Technically steps 3. and 4. could be done by using a custom EPMD module, but since we are talking about Livebook, the solution assumes no changes to the EPMD module. (In fact, Livebook already uses a custom EPMD for a similar purpose).

2 Likes

Hello! Thanks for your help and your script to register the node.

I make it as far as seeing connection refused in the SSH tunnel when I attempt to connect to the node so I can see Livebook is trying to connect over the port to the remote node. But I think it’s still stuck somewhere between 1-3.

  1. Done, and I can see that this port has been picked up if I cat /proc/net/tcp after entering the container. If I try to run bin/app remote for an IEX session I receive err address in use.
  2. Done
  3. This might be where I’m unstuck. I have set the RELEASE_NODE as app@127.0.0.1.
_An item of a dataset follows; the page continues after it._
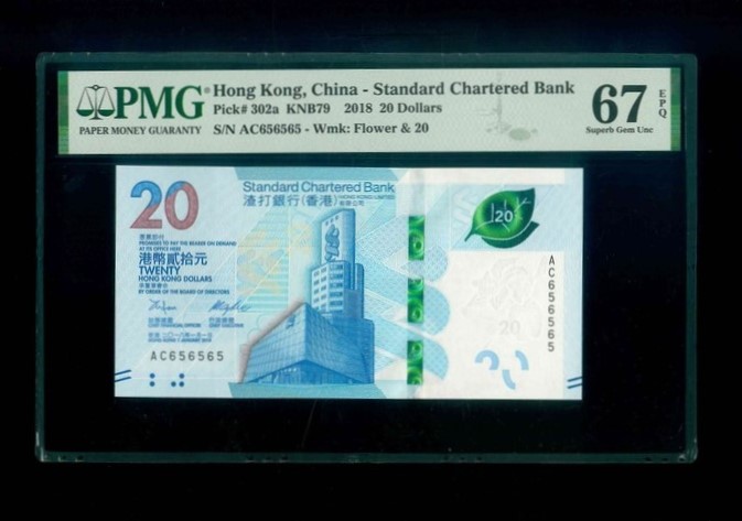 2018 香港渣打銀行 $20 PMG 67 EPQ 編號:AC656565(重複號,頂級雪白)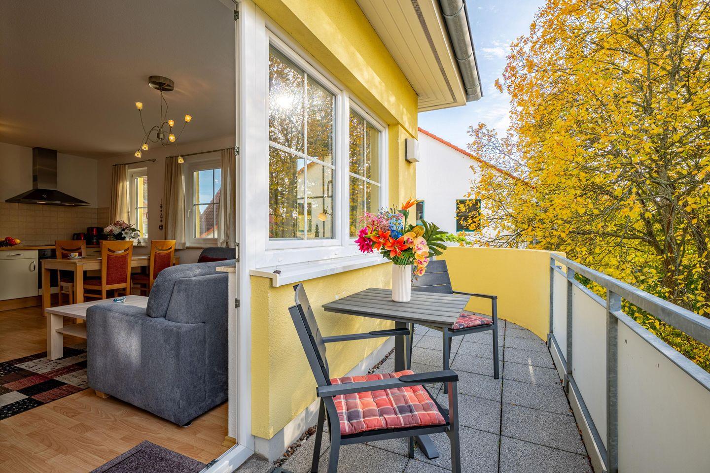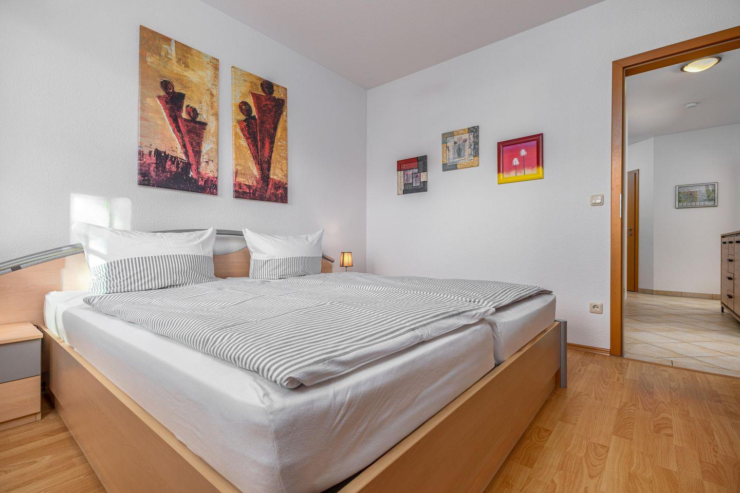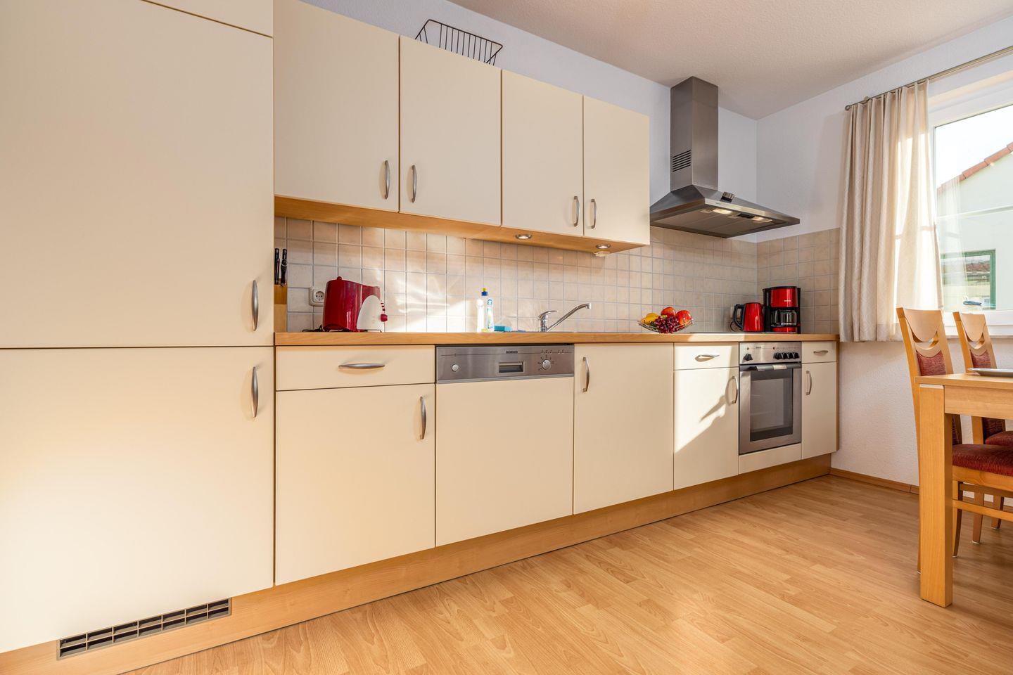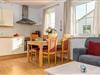 Die 60 m² große Wohnung liegt im 1. Obergeschoss und kann mit maximal 2 Erwachsenen + 2 Kindern angemietet werden. Der Wohnbereich ist aufgeteilt in die integrierte Küche und Essecke sowie einen großzügigen Sitzbereich, von hier aus erreichen Sie auch den Süd-Westbalkon. Es sind zwei Schlafzimmer vorhanden, eines ist mit einem Doppelbett und ein weiteres mit zwei Einzelbetten ausgestattet. Das Badezimmer verfügt über Dusche und WC. Für die Fahrräder steht ein Fahrradschuppen zur Verfügung.

I’m quite a novice with distributed Elixir, apologies. If I enter the container, and run epmd -names I can see that epmd is still running on port 4369 and the node (name app at port 9000) is running on port 9000, with the config set in step one. Is that right? The argument to me reads as though epmd should be on port 9000.

1 Like

Just to make sure, you are using RELEASE_DISTRIBUTION=name, RELEASE_NODE=app@127.0.0.1 and the same cookie?

If I enter the container, and run epmd -names I can see that epmd is still running on port 4369 and the node (name app at port 9000) is running on port 9000, with the config set in step one. Is that right? The argument to me reads as though epmd should be on port 9000.

This is correct. The argument name is confusing, and in fact it’s going to change in the next OTP version. It is supposed to set the port that the node uses for distribution, not the EPMD port itself. So name app at port 9000 looks good.

If the connection is refused, the only thing I can think of is something with the forwarding. For the ssh forwarding maybe try 127.0.0.1 and not localhost, unless you already do that. Otherwise it could be the port forwarding to Docker.

2 Likes

Hey, I’m trying to do the same thing without the ssh tunnel part.

So far I can connect a local iex session to the remote node (with Node.connect) but only using it’s IP, using it’s hostname won’t work for some reason (while a local iex session with --remsh app@example.com works).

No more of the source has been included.